## Records from a dataset
= = = = = = =

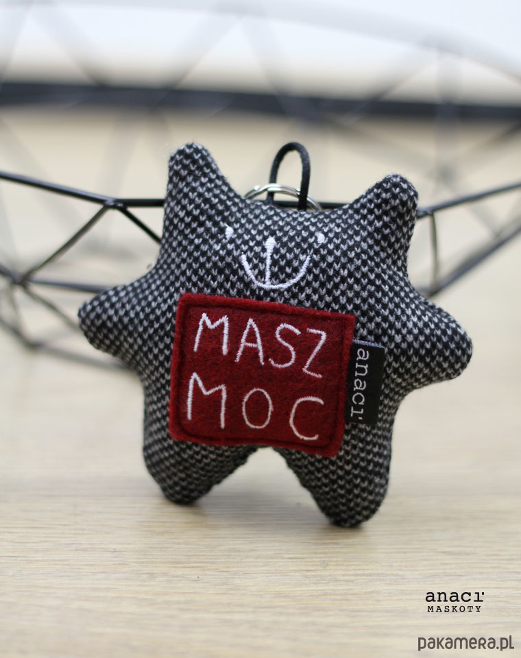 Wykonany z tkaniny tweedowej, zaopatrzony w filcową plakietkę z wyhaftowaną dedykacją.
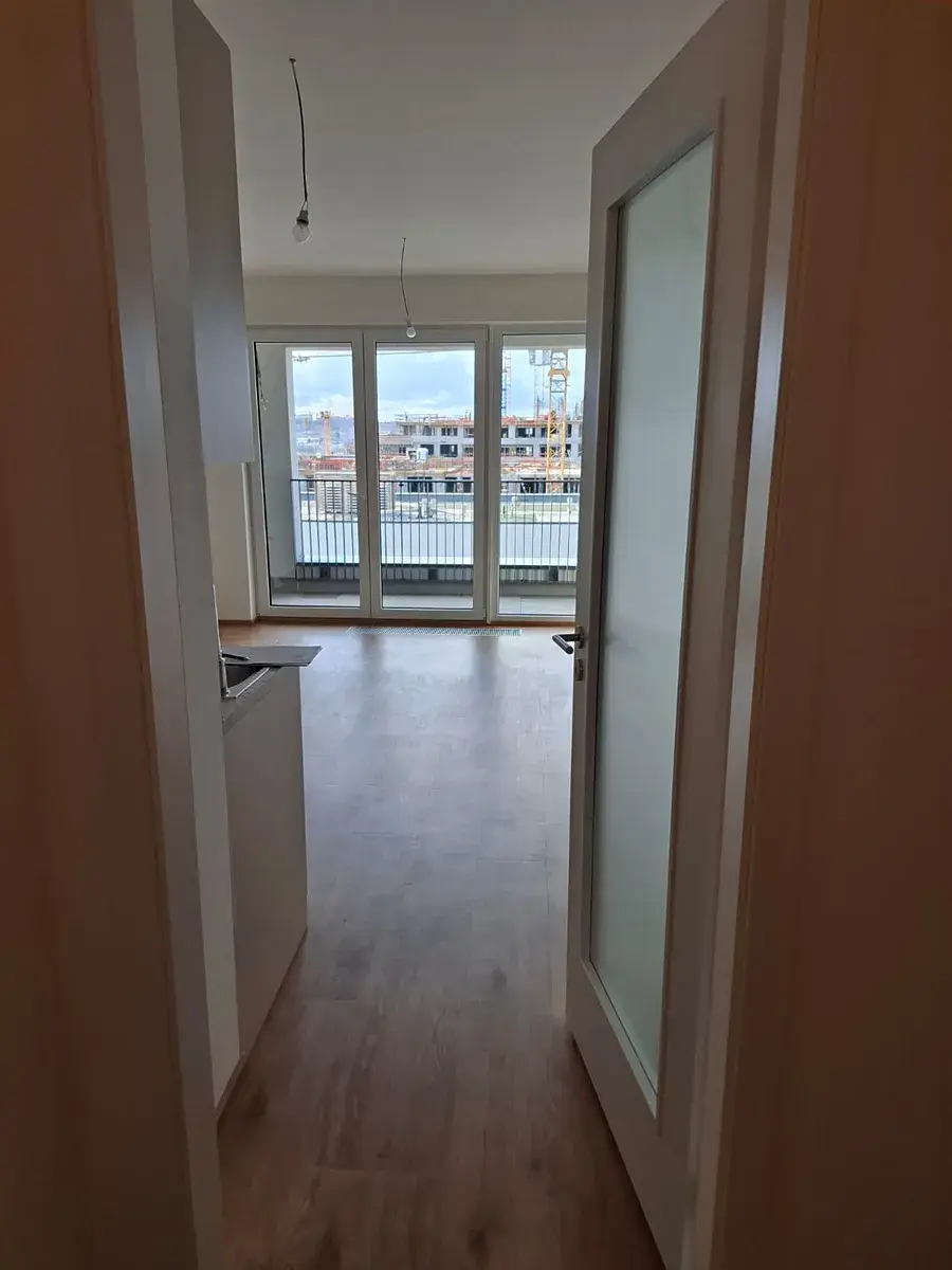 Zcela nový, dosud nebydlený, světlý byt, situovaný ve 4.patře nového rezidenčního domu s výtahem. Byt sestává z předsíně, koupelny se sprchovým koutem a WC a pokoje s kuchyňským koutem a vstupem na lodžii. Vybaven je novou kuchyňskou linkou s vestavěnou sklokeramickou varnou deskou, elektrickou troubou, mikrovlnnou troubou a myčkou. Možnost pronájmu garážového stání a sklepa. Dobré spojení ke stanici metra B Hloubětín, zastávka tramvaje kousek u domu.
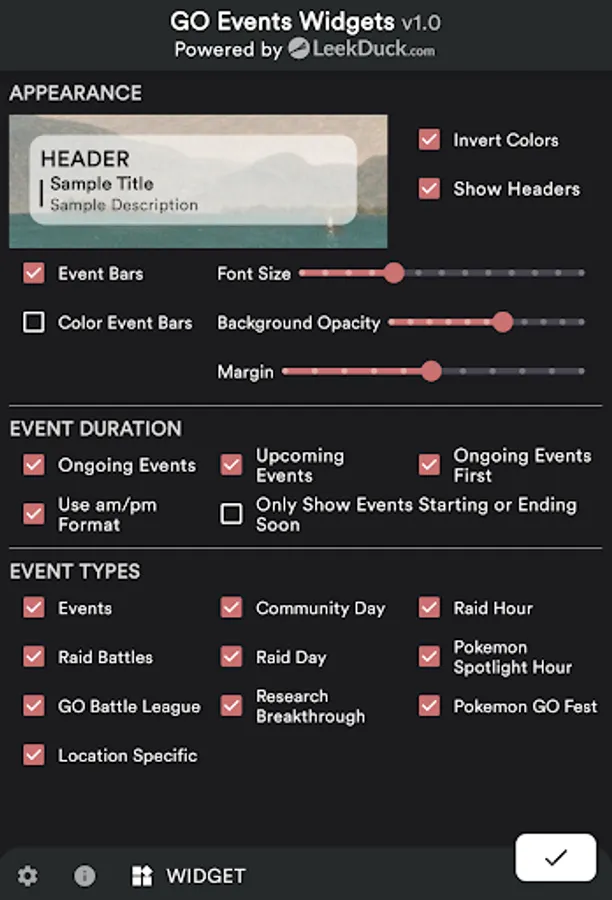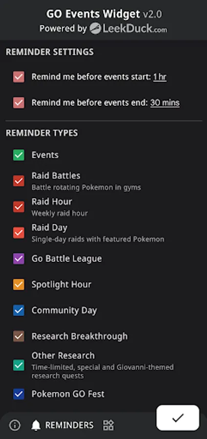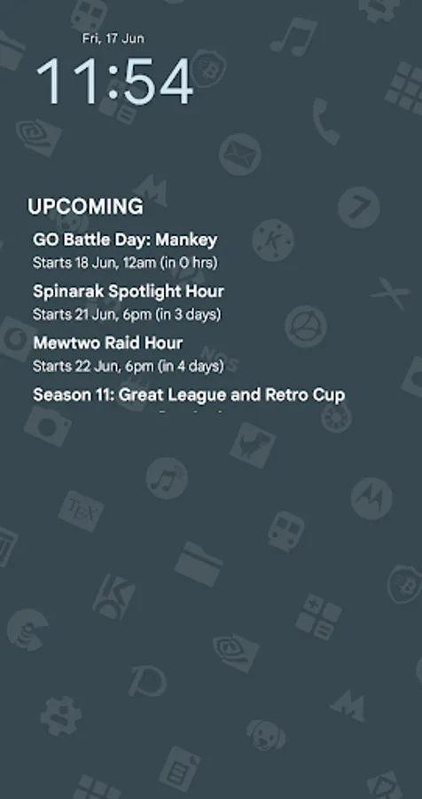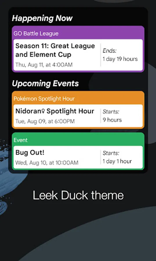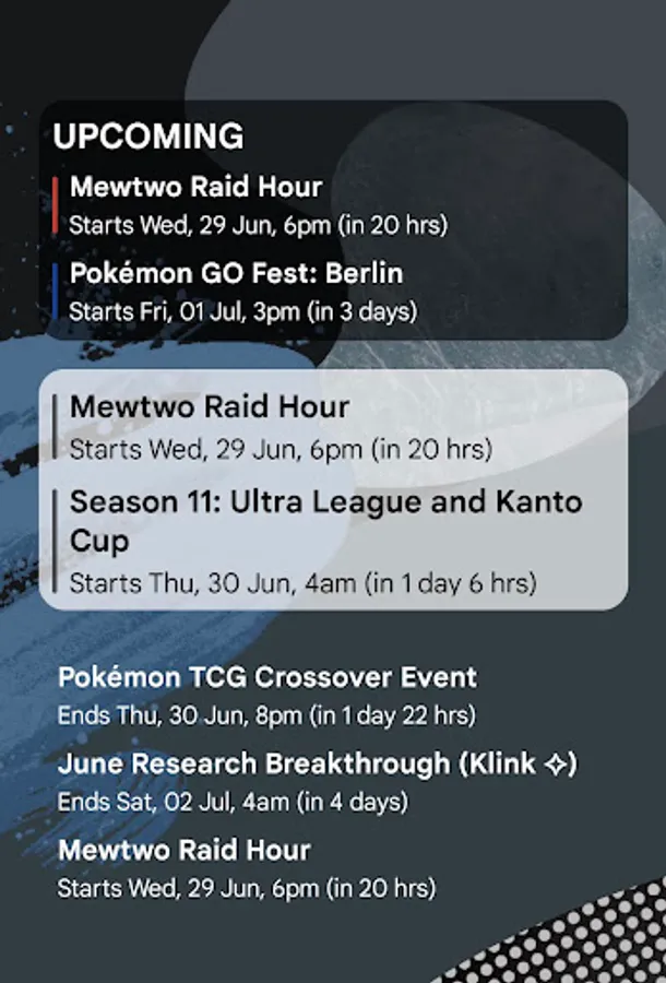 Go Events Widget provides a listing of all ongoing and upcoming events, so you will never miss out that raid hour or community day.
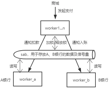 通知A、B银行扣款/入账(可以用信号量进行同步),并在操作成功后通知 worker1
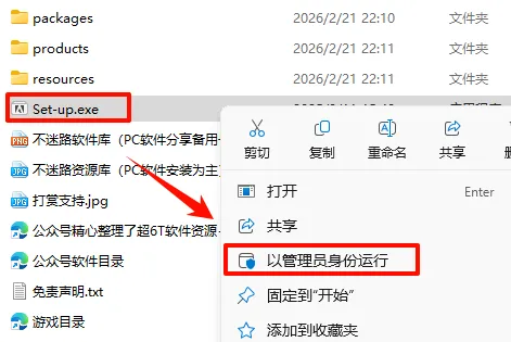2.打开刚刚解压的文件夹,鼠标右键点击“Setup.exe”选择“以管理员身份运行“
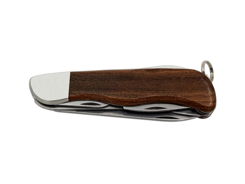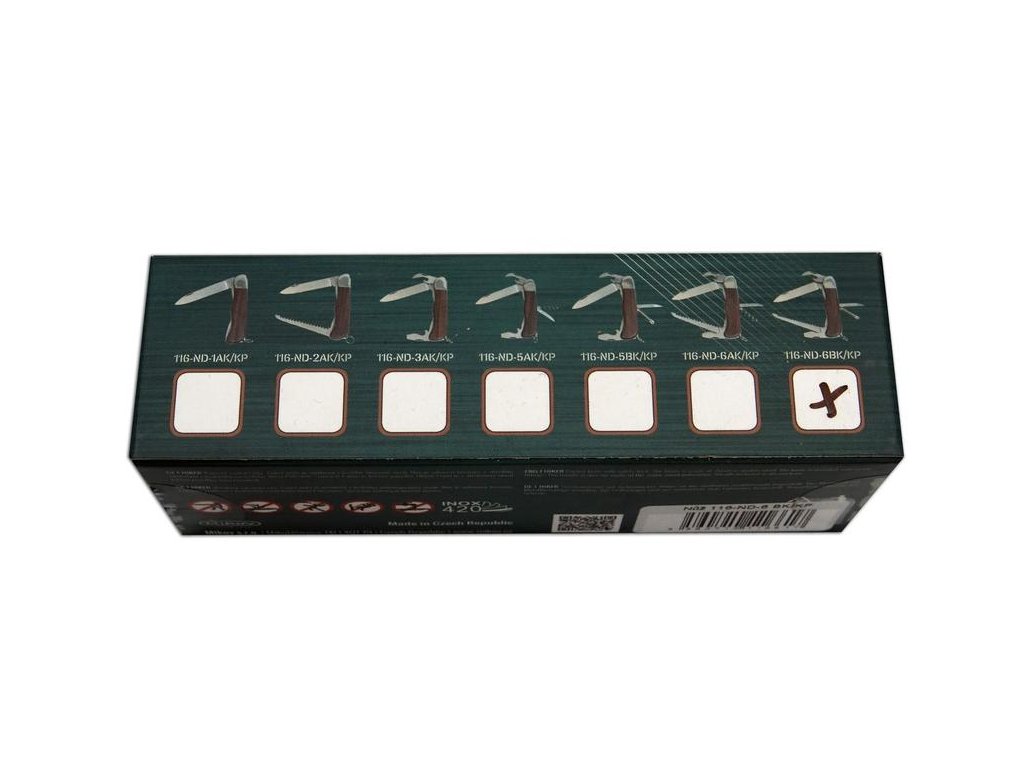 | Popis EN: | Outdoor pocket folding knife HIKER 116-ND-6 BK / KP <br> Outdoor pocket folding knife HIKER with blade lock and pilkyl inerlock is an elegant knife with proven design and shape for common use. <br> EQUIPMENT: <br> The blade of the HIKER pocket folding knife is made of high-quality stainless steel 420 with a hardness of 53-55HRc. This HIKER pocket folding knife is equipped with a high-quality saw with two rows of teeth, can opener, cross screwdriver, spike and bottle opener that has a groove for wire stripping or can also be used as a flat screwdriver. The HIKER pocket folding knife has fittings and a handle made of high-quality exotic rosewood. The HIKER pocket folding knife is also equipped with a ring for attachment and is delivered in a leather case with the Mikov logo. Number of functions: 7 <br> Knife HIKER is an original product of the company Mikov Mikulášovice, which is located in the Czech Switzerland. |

= = = = = = =

Above are some records. Reproduce the lines from the one with "Go Events Widget" down to the one with "2.打开刚刚解压的文件夹,鼠", keeping both, and leave every picture out.

## Task response
 Go Events Widget provides a listing of all ongoing and upcoming events, so you will never miss out that raid hour or community day.
 通知A、B银行扣款/入账(可以用信号量进行同步),并在操作成功后通知 worker1
2.打开刚刚解压的文件夹,鼠标右键点击“Setup.exe”选择“以管理员身份运行“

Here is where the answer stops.